You can use an in-database approach to analytics in the
data warehouse by running the SAS embedded process (SAS EP) on the DB2® database server.
The ability to dynamically score, or to run regression, clustering,
neural net, and other analytic algorithms within the database server
environment-thereby pushing the processing and deep analytics to where
the data lives-reduces the latencies that are associated with moving
data, and increases flexibility in end user analytic capabilities.
SAS Scoring Accelerator for DB2 enables
the scoring process to be done inside the database and does not require
data movement. Prior to Version 4.1, SAS Scoring Accelerator for DB2 translated the models that were
developed by SAS Enterprise Miner into scoring functions that could
be deployed inside the DB2 data
server. The scoring functions could be used in SQL statements like
other DB2 user-defined scalar
functions, providing the following benefits:
- Reduced data movement and storage requirements
- Better data governance (most of the data stays inside the database)

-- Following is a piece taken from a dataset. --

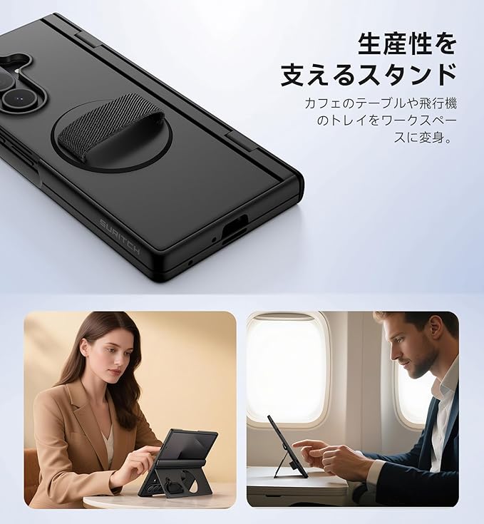 SURITCH 360 グリップ スマホケース Samsung Galaxy Z Fold 7対応実機金型製造、高精度な互換性1. Samsung Galaxy Z Fold 7に完全対応2. 正確な穴位置、すべてのボタンとインターフェースのシームレスなマッチング、スムーズでスムーズな操作性(ワイヤレス充電には対応していません)快適なフィンガーバックル、柔軟なグリップ1. 幅広の伸縮性フィンガーバンドは肌に優しく耐久性があり、片手で安全に快適に携帯電話を握ることができます2. 人間工学に基づいたアルミ合金製ターンテーブルベースは360 回転し、様々なグリップポジションに簡単に対応できます折りたたみ式ブラケットで安定したサポートを提供1. 5000回以上の折りたたみが可能な大面積PCスタンド。耐久性とハンズフリー機能付き(横向き表示のみ対応)2. 55 に折りたたみ調整可能で安定したサポートを実現。大画面でのオフィスやドラマ鑑賞など、様々な用途に対応します包括的な保護とプロ仕様の落下防止機能対策1. シャフトカバーは自動開閉式で、スムーズに操作でき、引っ掛かりがなく、シャフトを傷や衝撃から保護します。2. 背面シェルはPCとTPU製で、柔軟性と耐衝撃性を兼ね備え、落下時の衝撃を効果的に吸収します。3. 前面シェルにはPETスクリーンセーバーを搭載し、タッチ感度が高く、画面を傷や汚れから保護します。パッケージ:スマホケース 1個SURITCHチームをお選びいただき、サポートいただきありがとうございます。

- Greater computational power from the relational database management
system (RDBMS)
- Better productivity through a shorter cycle of ideas to product
New enhancements in SAS Scoring Accelerator for DB2 Version 4.1, which eliminate the need to
register scalar user-defined functions (UDFs), make the process of
deploying and running scoring models in DB2 more
dynamic, and result in better performance when executing models against
large data sets. Scoring models that were developed for SAS Enterprise
Miner can be deployed in a DB2 database
in their native form. The models can be referenced and used in SQL
statements through an analytic expression.
- The ANALYZE_TABLE expression, which you can specify on the table-reference
clause of a subselect, enables you to efficiently execute scoring
models. For more information, see "table-reference clause" or "Analyze
table expressions" in the "subselect" topic.
- The DB2_SAS_SETTINGS registry variable enables
the SAS EP. Use the db2set command to configure
its settings. For more information, see the "Miscellaneous variables" topic.
- The SAS EP library is loaded and run in a fenced-mode process
named db2sasep. In a partitioned database environment, this process
runs on each database partition of the DB2 instance.
For more information, see the "db2ida - Stop or restart the SAS
embedded process command" topic.
- TBFUNC is a new explain operator type.
- When SAS queries are processing, DB2 agents
might have to wait during communications with the SAS EP. This can
occur when sending data to the SAS EP or when receiving data from
the SAS EP. Two new in-database analytics wait times in the time spent
hierarchy (ida_send_wait_time and ida_recv_wait_time) provide visibility
into the impact of these waits on overall system and query performance.